ASSIGNMENT =
Make an exact copy of all the entries, with the pictures left out.

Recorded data

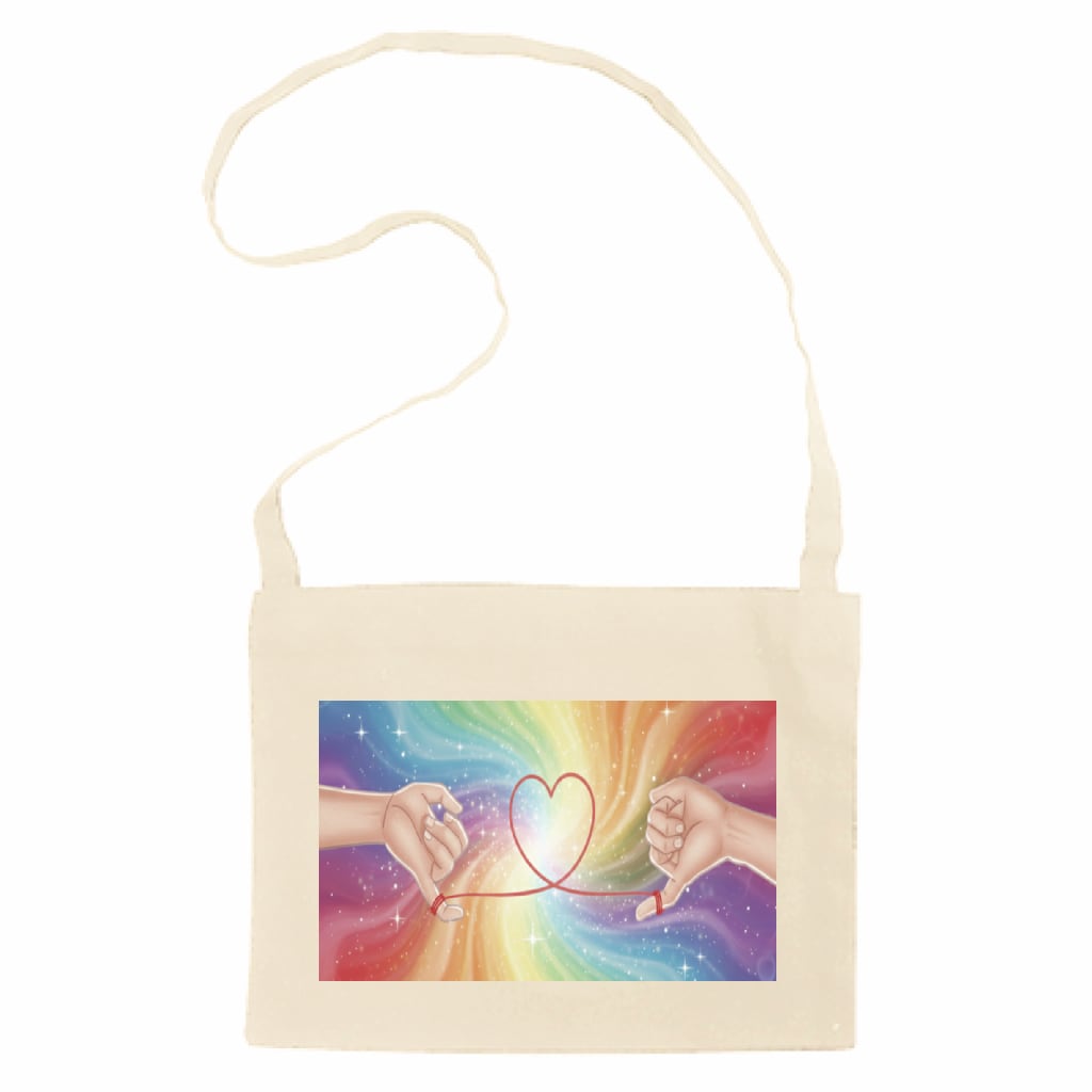 小指同士の運命の赤い糸をデザインしたサコッシュになります。
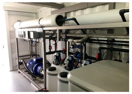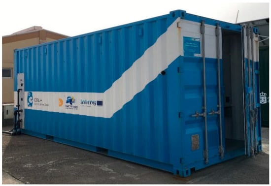 This study was carried out using the operation data of a small-scale SWRO desalination pilot plant with a capacity of 80–100 m3/day. It is an industrial plant designed by the Canary Islands Institute of Technology (ITC) to be used in R&D projects within the DESAL + LIVING LAB platform. The plant is inside a 20 ft shipping container (Figure 1), which makes it enormously versatile in terms of its transport to warranty that could be moved to different locations for being fed with different seawater conditions. In terms of design and operationality, this plant should be similar to one on-board SWRO plant except for the high level of sensors installed and the possibility to move the nominal operation point, according to its research purposes. Some of its main characteristics are shown in Table 1.
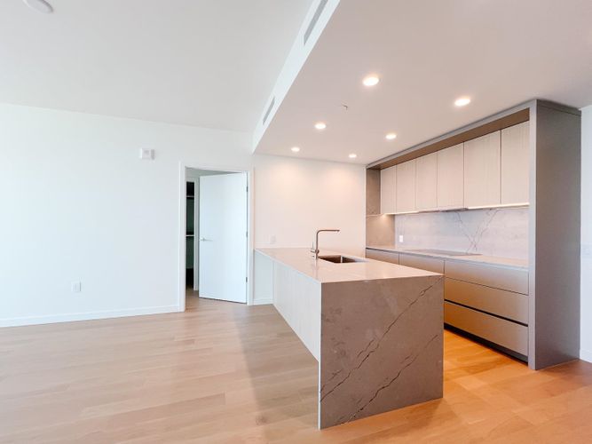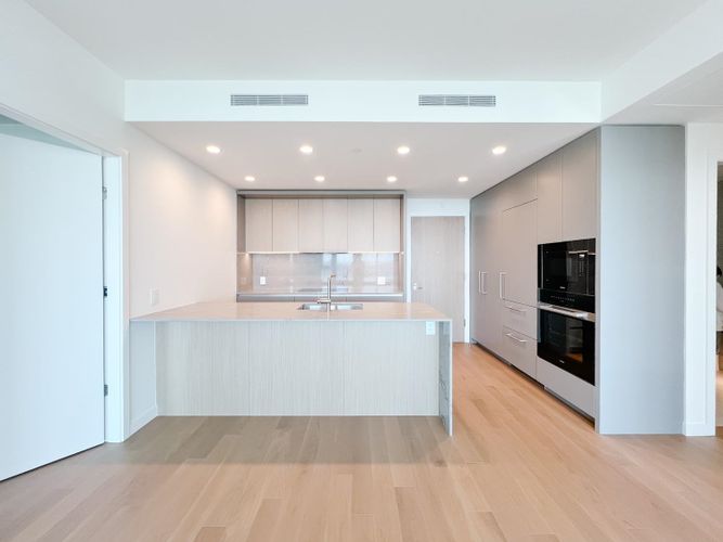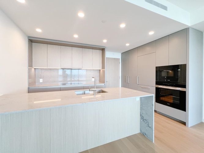 This spacious two-bedroom, two bathroom condo offers approximately 944 sq. ft. of beautiful interior space designed for both comfort and entertaining. Perks include hardwood floors throughout, a stunning kitchen with ample storage, Miele appliances (including a wine fridge!), quartz countertops, in-suite laundry, and endless panoramic views. Bedrooms are located on opposite sides of the unit making this ideal for those needing a bit of privacy whether for visiting guests or work from home opportunities. The unit is air conditioned ensuring year-round comfort, while an extra large 329 square foot private patio extends your living space outdoors in the dryer months – an ideal setting for morning coffee or evening unwinding.
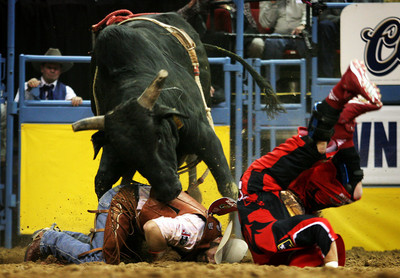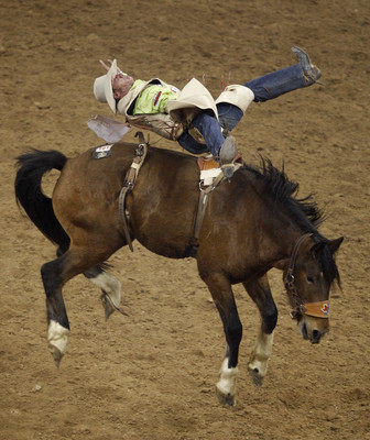 One goal is to keep your toes turned during the entire ride, but something tells me it’s not the same as a ballerina mastering first position. It’s also important to swing your feet over the horse’s shoulders in a split second, and as the animal bucks, to bend those knees and finish your spurring stroke, which sounds a little like the advice Lon Kruger might give on shooting free throws if his players did so from a saddle.
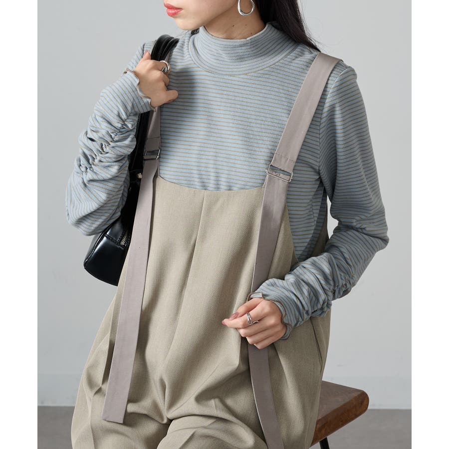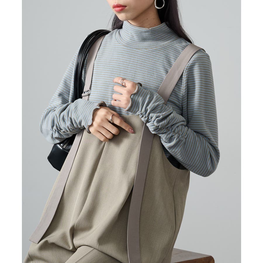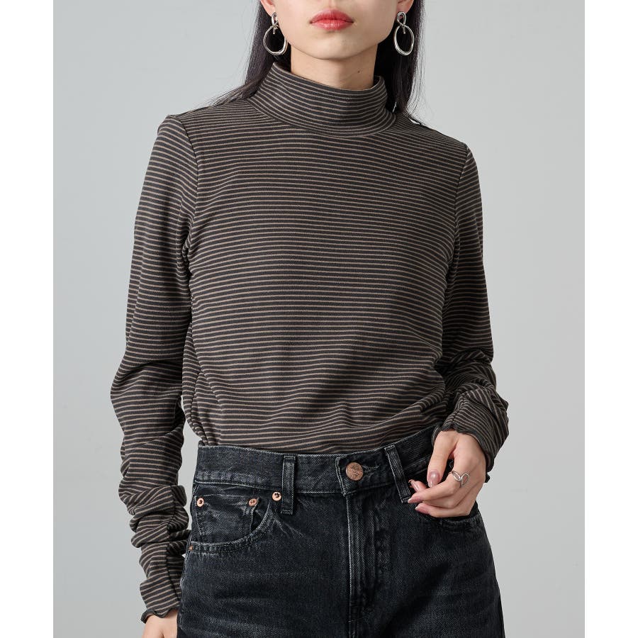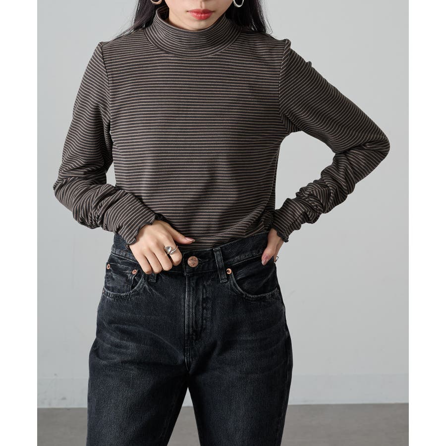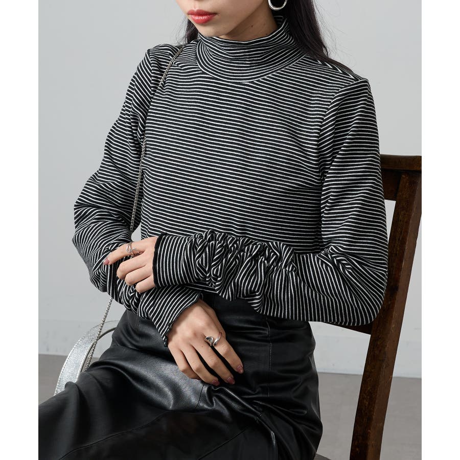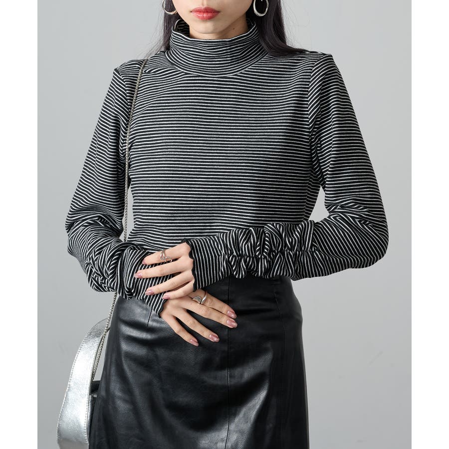 秋冬の定番として人気の高い、ボーダー柄のタートルネックトップスです。

SOLUTION =
 小指同士の運命の赤い糸をデザインしたサコッシュになります。
 This study was carried out using the operation data of a small-scale SWRO desalination pilot plant with a capacity of 80–100 m3/day. It is an industrial plant designed by the Canary Islands Institute of Technology (ITC) to be used in R&D projects within the DESAL + LIVING LAB platform. The plant is inside a 20 ft shipping container (Figure 1), which makes it enormously versatile in terms of its transport to warranty that could be moved to different locations for being fed with different seawater conditions. In terms of design and operationality, this plant should be similar to one on-board SWRO plant except for the high level of sensors installed and the possibility to move the nominal operation point, according to its research purposes. Some of its main characteristics are shown in Table 1.
 This spacious two-bedroom, two bathroom condo offers approximately 944 sq. ft. of beautiful interior space designed for both comfort and entertaining. Perks include hardwood floors throughout, a stunning kitchen with ample storage, Miele appliances (including a wine fridge!), quartz countertops, in-suite laundry, and endless panoramic views. Bedrooms are located on opposite sides of the unit making this ideal for those needing a bit of privacy whether for visiting guests or work from home opportunities. The unit is air conditioned ensuring year-round comfort, while an extra large 329 square foot private patio extends your living space outdoors in the dryer months – an ideal setting for morning coffee or evening unwinding.
 One goal is to keep your toes turned during the entire ride, but something tells me it’s not the same as a ballerina mastering first position. It’s also important to swing your feet over the horse’s shoulders in a split second, and as the animal bucks, to bend those knees and finish your spurring stroke, which sounds a little like the advice Lon Kruger might give on shooting free throws if his players did so from a saddle.
 秋冬の定番として人気の高い、ボーダー柄のタートルネックトップスです。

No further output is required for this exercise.